In den Foyers und Umgängen herrscht wieder die gleiche aufgeregte Stimmung wie vor der merkwürdigen Zeremonie. Zahlreiche Gäste kaufen das nächste Getränk und unterhalten sich eifrig miteinander. Der Geräuschpegel ist entsprechend hoch, so dass vielen erst nach Minuten klar wird, dass die Inszenierung schon längst begonnen hat. In allen Ecken des Hauses sind die Installationen des englischen Künstlers Tino Sehgal zu sehen. Dazu gehört ein Mangamädchen, das einen Monolog führt, und Kinder, die Konversation betreiben. Bei der Geräuschkulisse besteht allerdings keine Chance, auch nur ein Wort zu verstehen, insofern man sich nicht bis in die erste Reihe vorkämpft. Die meisten tun es nicht. So dümpeln die Performances vor sich hin und die Zeit vergeht. Warten auf Godot.

Morten Grunwald wird als Joe sein Leben vorgeführt © David Baltzer/bildbuehne.de

Anderthalb Stunden später der erste Lichtblick. Im mittlerweile bestuhlten Saal werden mit „Nicht Ich“, „Tritte“ und „He, Joe“ drei Einakter von Samuel Beckett gezeigt. Für deren Inszenierung zeichnet sich der Beckett-Verfechter und Wegbegleiter Walter Asmus verantwortlich. In absoluter Dunkelheit werden die Schicksale mehrerer Menschen in puristischer Einfachheit und völlig unverblümt, in Sprechkaskaden und fast ohne Requisiten dem Besucher entgegen gefeuert. Das hat was.

„Das Beste kommt noch, Joe“, heißt es zum Schluss. Das hoffen in diesem Moment wohl auch viele Zuschauer, die zwar die schauspielerische Leistung von Anne Tismer und Morten Grunwald honorierten, beim Post-Applaus-Einzug eines Chores, der sich umgehend an die Leerung des Saals machte, aber schnell das Weite suchten.

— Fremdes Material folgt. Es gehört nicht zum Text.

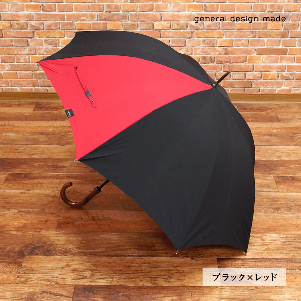 1円/general design made/コーデュラ 長傘 日本製 UVケア 雨晴兼用 65cm ジェネラルデザインメイド 新品/ブラック×レッド/jh320/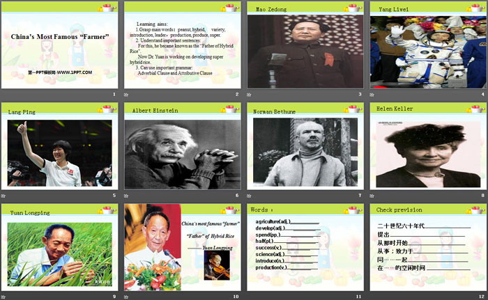 关键词:冀教版九年级上册英语PPT课件免费下载,China's Most Famous "Farmer"PPT下载,Great PeoplePPT下载,.PPT格式;

Insgesamt bleibt es ein merkwürdiger Abend, der vom klassischen Stück für potenzielle Abonnenten bis hin zur hipsteresken Abschlussparty im Roten Salon es allen gerecht machen will, dabei jedoch nur Konzeptlosigkeit offenbart. Vielleicht war das Team von Chris Dercon aufgrund der schlechten Publicity der letzten Monate auch so verunsichert, dass es sich nicht getraut hat, seinen Stil trotz Gegenwehr eisern durchzuexzerzieren. Es ist definitiv noch Luft nach oben.